Dunleavy administration backs 20,000-acre giveaway to AIDEA
With the clock running down on the Dunleavy administration, the state is rushing through a plan to give away 20,000 acres of state land near Houston to the Alaska Industrial Development & Export Authority.
Giving the land to AIDEA at no charge—a massive state subsidy—would make a proposed “multi-use industrial and energy development district” more likely to succeed, according to the Dunleavy analysis.
There would be space for data centers, a logistics hub, advanced manufacturing pads, gravel pits and energy and utility hubs across the 20,000 acres.

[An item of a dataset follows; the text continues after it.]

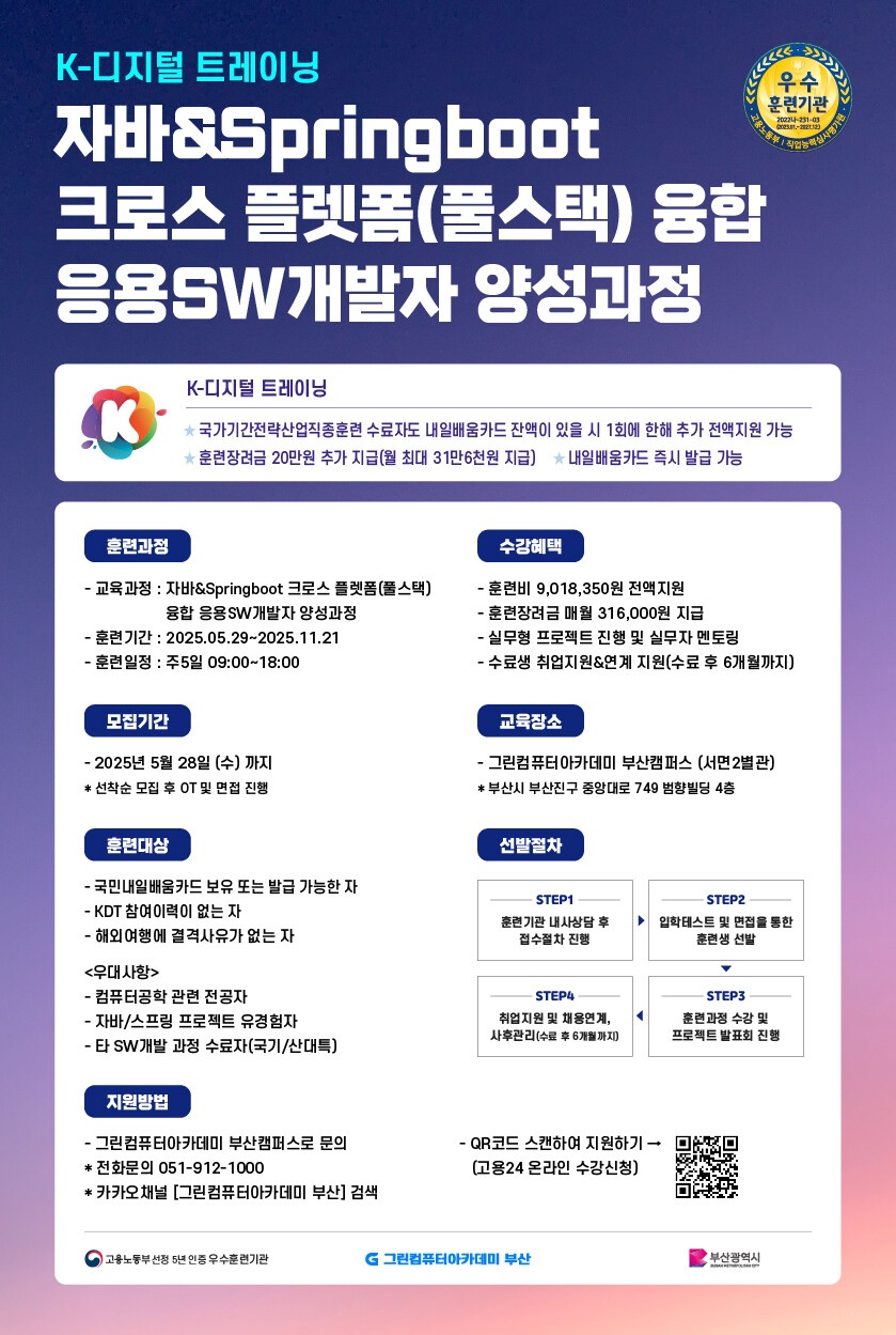 ■ 과정명 : [K디지털트레이닝] 자바&Springboot 크로스 플렛폼(풀스택) 융합 응용SW개발자 양성과정

The site is east of the Parks Highway about two miles north of Houston and is accessible by Zero Lake Road.
It would no longer be state land after the giveaway and the AIDEA board would be free to manage it as it sees fit, according to the Dunleavy administration.
The public notice for this giveaway refers to AIDEA as a “public and charitable use applicant.” Giving away the land would reduce “AIDEA’s upfront land and capital costs” and accelerate “public-purpose development.”
The department will accept public comment until August 19.
There are 23.9 miles of active, inactive and planned forestry roads in the area, along with 41.8 miles of trails.
Crowther’s department is required to determine if a giveaway to AIDEA is in the public interest, a vague term that means anything the proponents want it to mean.
“AIDEA is not simply a political subdivision of the State, but a political subdivision expressly tasked with undertaking development projects that serve the public interest and are for a public purpose,” the department concludes.
The law allows land to be sold as less than fair market value to a government entity, but why make it free? And why not refer to this as an AIDEA subsidy instead of acting as if the land has no value.
The department claims it is not in the public interest and it would not serve a public purpose to keep the land in public hands.
There is no analysis from Crowther’s department about why the state isn’t collecting a penny for 20,000 acres. There is no analysis about how much the land is worth and how much it could be sold for.
But there is a claim that free land “improves the rate of return on the project and de-risks private investment because the project thereby carries less cash risk for the same asset base and can be structured for repayment of the state’s contribution (free land) through lease revenues, profit distributions to AIDEA’s stake, and through the AIDEA dividend.”
None of that should be believed because there is no requirement “for repayment of the state’s contribution” of free land.